→ **EXERCISE**: Go through the listing below and write out exactly the lines from the one that mentions "Cachettes, jeux de" through the one that mentions "这个弯腰的是学生,手里捧着册", minus the pictures.

→ **DATA TO PROCESS**:
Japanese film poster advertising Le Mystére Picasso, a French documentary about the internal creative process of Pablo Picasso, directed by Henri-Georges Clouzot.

...

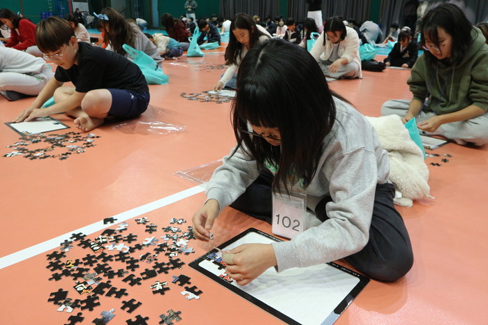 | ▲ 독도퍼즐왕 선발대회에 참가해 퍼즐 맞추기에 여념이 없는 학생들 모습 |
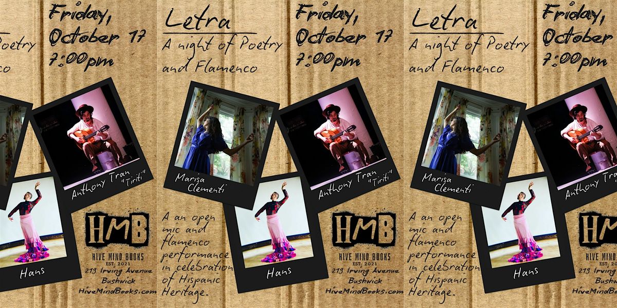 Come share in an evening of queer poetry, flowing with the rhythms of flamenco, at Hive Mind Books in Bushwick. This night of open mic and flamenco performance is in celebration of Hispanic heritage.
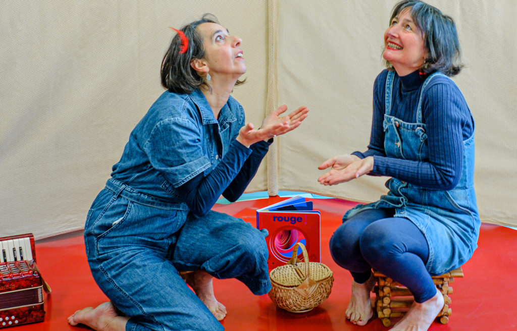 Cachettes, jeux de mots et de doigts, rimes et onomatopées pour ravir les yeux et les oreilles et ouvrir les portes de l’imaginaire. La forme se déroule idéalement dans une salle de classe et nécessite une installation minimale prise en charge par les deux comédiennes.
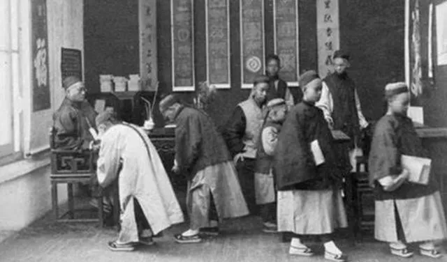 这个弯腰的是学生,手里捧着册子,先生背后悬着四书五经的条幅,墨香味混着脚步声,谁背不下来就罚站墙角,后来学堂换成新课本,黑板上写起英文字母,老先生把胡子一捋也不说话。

...

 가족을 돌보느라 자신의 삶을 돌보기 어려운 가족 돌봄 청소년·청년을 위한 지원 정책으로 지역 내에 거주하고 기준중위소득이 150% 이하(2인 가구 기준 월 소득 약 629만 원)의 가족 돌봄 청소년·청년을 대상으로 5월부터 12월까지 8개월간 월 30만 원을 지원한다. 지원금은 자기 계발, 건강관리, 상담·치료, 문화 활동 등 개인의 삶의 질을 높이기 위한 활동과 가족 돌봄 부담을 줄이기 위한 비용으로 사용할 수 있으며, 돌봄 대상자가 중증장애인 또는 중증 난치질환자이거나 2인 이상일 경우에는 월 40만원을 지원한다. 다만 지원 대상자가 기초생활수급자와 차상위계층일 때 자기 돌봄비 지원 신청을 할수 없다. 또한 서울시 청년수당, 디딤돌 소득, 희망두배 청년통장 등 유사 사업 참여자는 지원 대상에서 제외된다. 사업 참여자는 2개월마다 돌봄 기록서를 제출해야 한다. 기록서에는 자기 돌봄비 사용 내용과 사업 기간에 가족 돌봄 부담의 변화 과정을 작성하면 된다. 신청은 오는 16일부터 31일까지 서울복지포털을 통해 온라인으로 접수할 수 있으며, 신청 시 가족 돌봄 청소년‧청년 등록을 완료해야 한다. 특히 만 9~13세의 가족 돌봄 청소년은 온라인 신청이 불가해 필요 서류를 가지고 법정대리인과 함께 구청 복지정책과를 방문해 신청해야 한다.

→ **EXERCISE ANSWER**:
 Cachettes, jeux de mots et de doigts, rimes et onomatopées pour ravir les yeux et les oreilles et ouvrir les portes de l’imaginaire. La forme se déroule idéalement dans une salle de classe et nécessite une installation minimale prise en charge par les deux comédiennes.
 这个弯腰的是学生,手里捧着册子,先生背后悬着四书五经的条幅,墨香味混着脚步声,谁背不下来就罚站墙角,后来学堂换成新课本,黑板上写起英文字母,老先生把胡子一捋也不说话。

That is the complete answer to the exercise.